Si el entrar hasta aquel nudo de subterfugios se convirtió en una cuestión de orgullo de trotamundos, el salir de él era ya un acto de supervivencia. Como me había gastado el dinero que llevaba encima en libros sobre la historia de Túnez, no podía acogerme al socorrido método de los turistas de tomar el primer taxi de vuelta al hotel. Estaba obligado a regresar a pie y sin otra ayuda que un mapa improvisado, pues no me podía entender con los tunecinos de esa zona, que ni siquiera hablaban francés. Papel en mano y ayudado por la luna llena del Oriente, pude llegar a mi habitación una hora más tarde.

Luego mis colegas me comentaban que no era extraño el estar despiertos hasta las tres de la mañana, aunque hubiera que madrugar al día siguiente. En los centros laborales se trabajaba corrido de ocho de la mañana a hasta las tres de la tarde. Así que, gracias a Alá, a esa hora tan temprana de la tarde yo ya podía regresar a la ciudad y entregarme a mi vicio de explorador por cuenta propia en lo que media Túnez se entregaba en los brazos de Morfeo.

Así llegué a descubrir una Iglesia Rusa Ortodoxa en el centro de Túnez. Si bien me sorprendió verla, aun más me asombré cuando pude leer la tarja exterior escrita en ruso. ¡Este templo fue construido nada menos que en el 1956!; es decir, cuando la Unión Soviética estaba en su punto de caramelo e imperaba el ateísmo estalinista, los ortodoxos rusos se la ingeniaron para levantar este templo en plena meca del islamismo.

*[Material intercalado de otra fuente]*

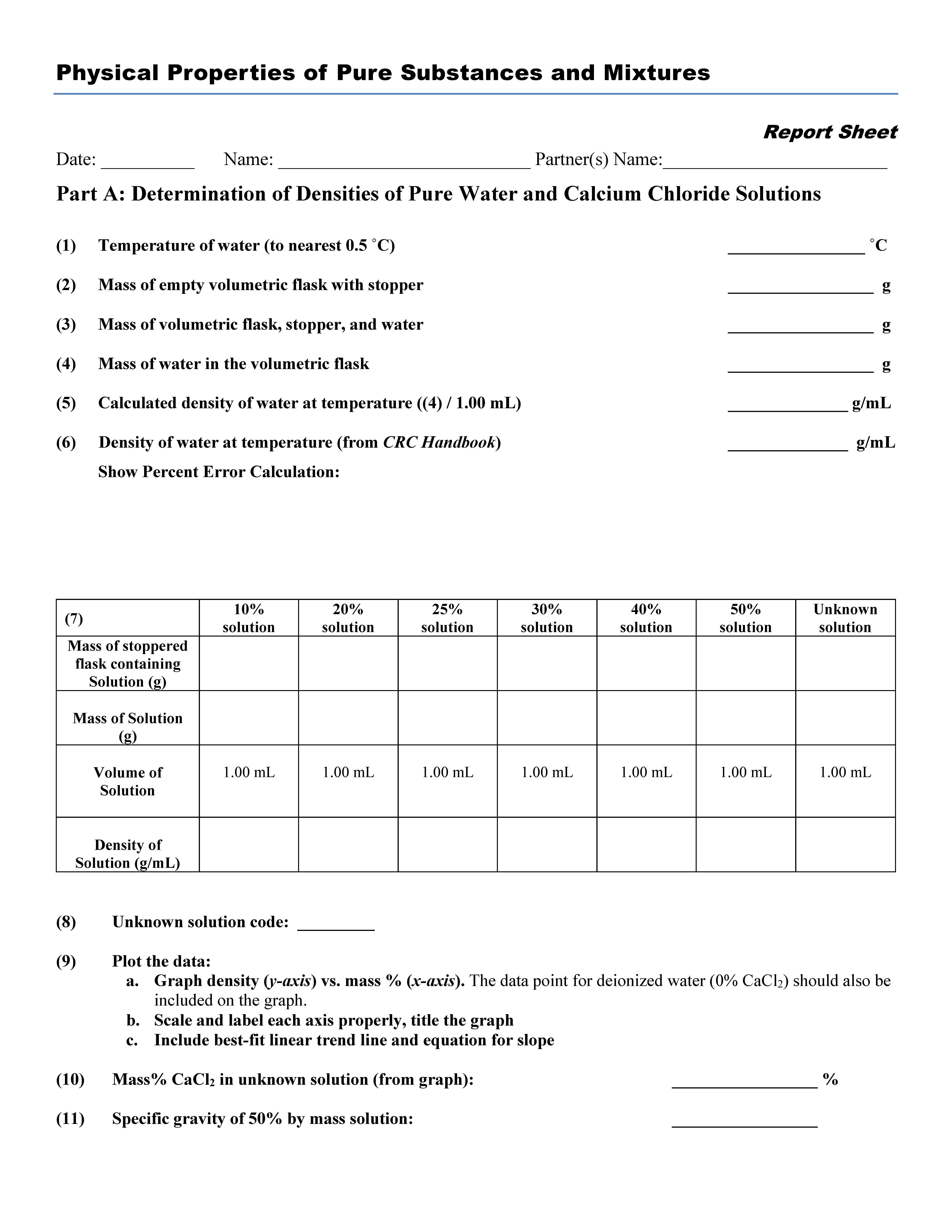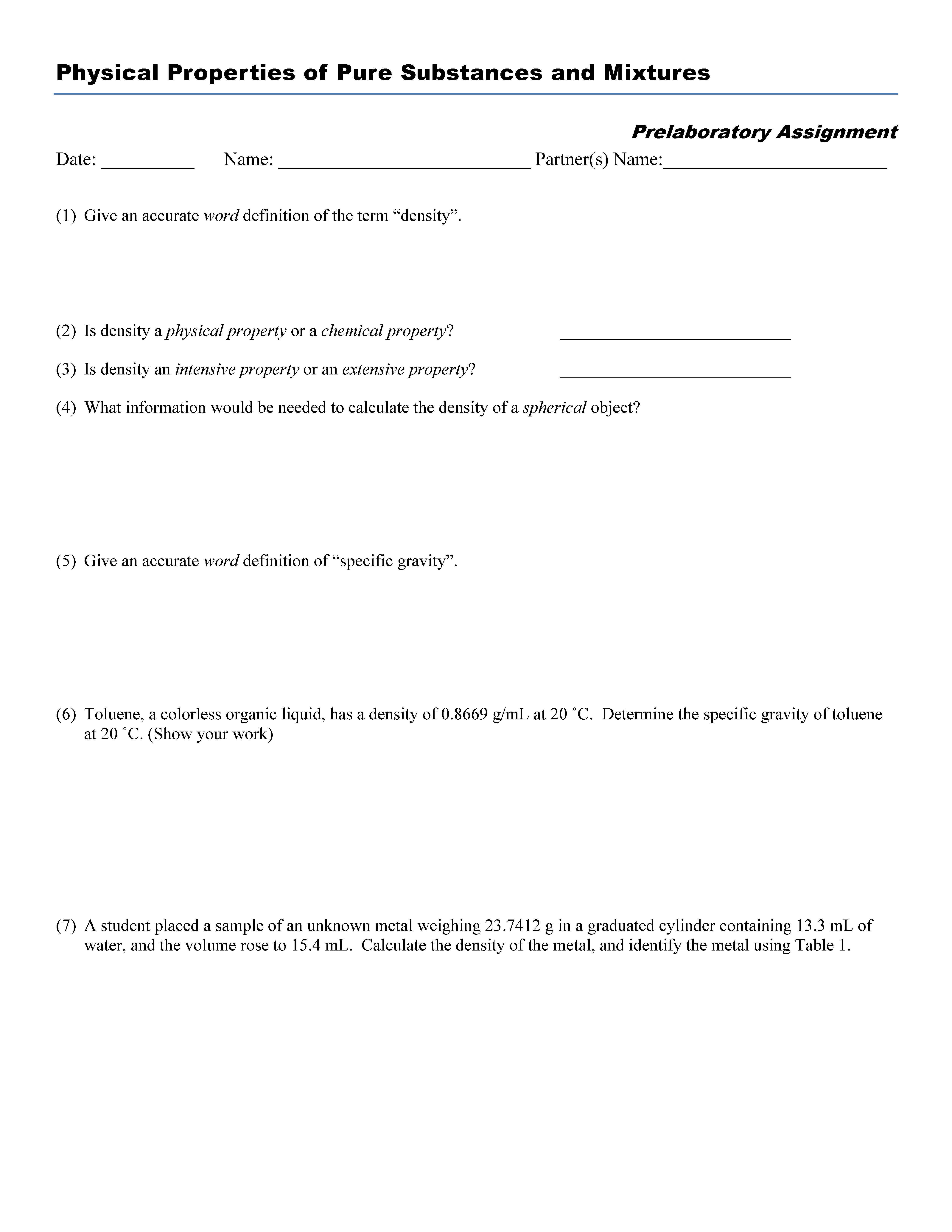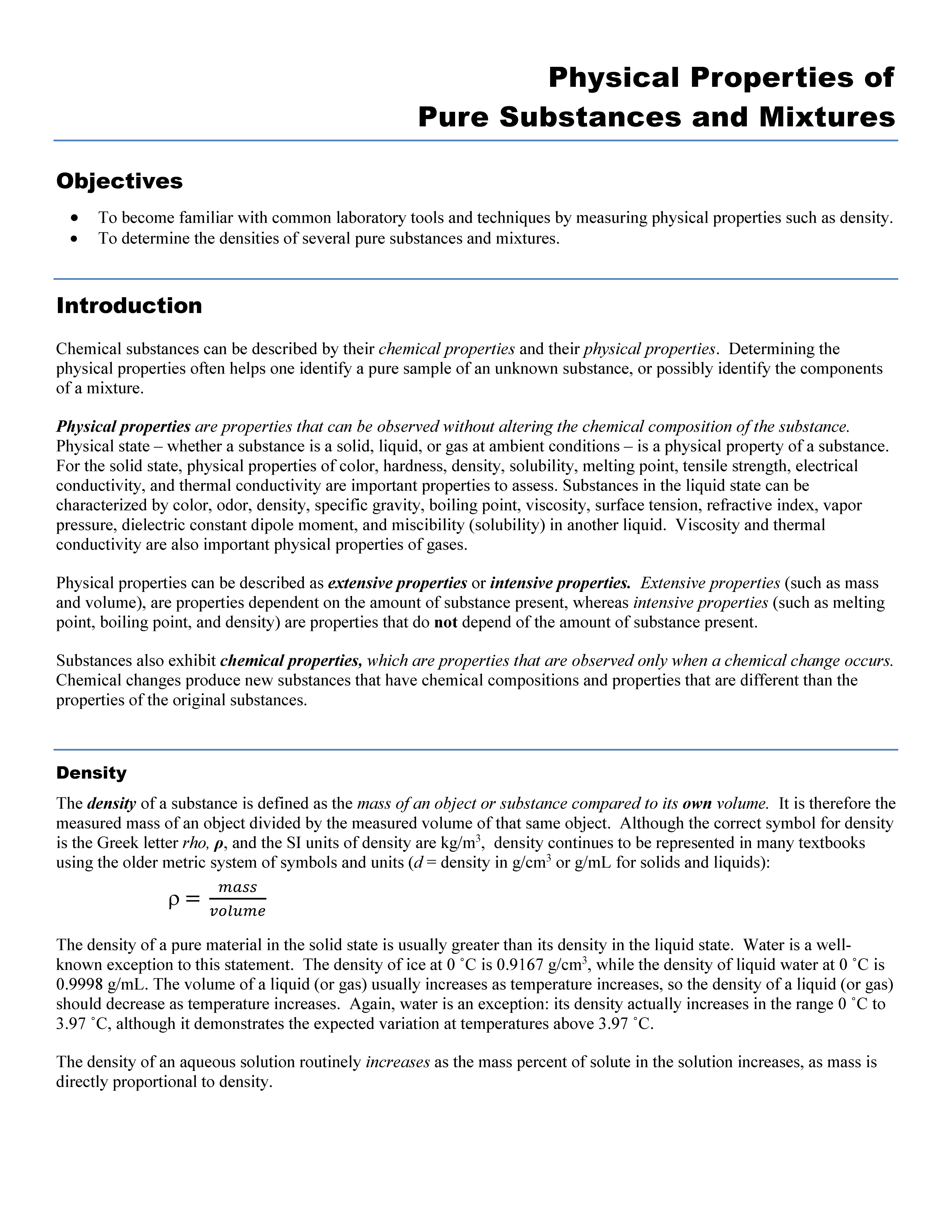 Physical Properties of Pure Substances and Mixtures Objectives รข...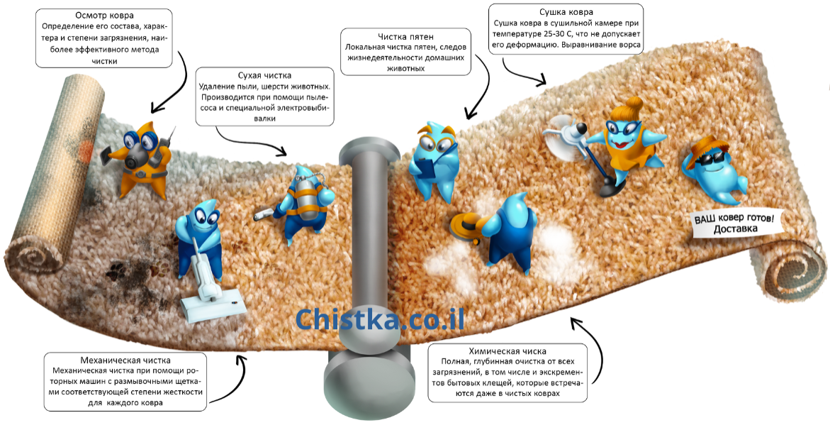 Заказать химчистку вы можете по телефону 052-7216062, через форму на сайте или отправив фото изделия в WhatsApp. Для чистки мебели и матрасов на дому необходимо обеспечить доступ мастеру в оговорённое время, однако ваше постоянное присутствие во время работ не обязательно. Для вывоза ковров на фабрику достаточно быть дома во время передачи и приёмки ковра.

Poco a poco, se iban colocando las piezas para entender ese mosaico tunecino, donde lo ultramoderno complementa lo histórico y lo europeo colinda con lo islamista. Al final quedaba una urbe inquieta, misteriosa y cosmopolita, un Túnez fluctuante entre ese ramadán a la francesa, esperanzas de progreso con la nueva democracia* y los bazares nocturnos alumbrados por la Luna del Oriente.

* El 23 de octubre de 2011, el día de terminar este escrito, se efectuaban las primeras elecciones democráticas en la historia de Túnez.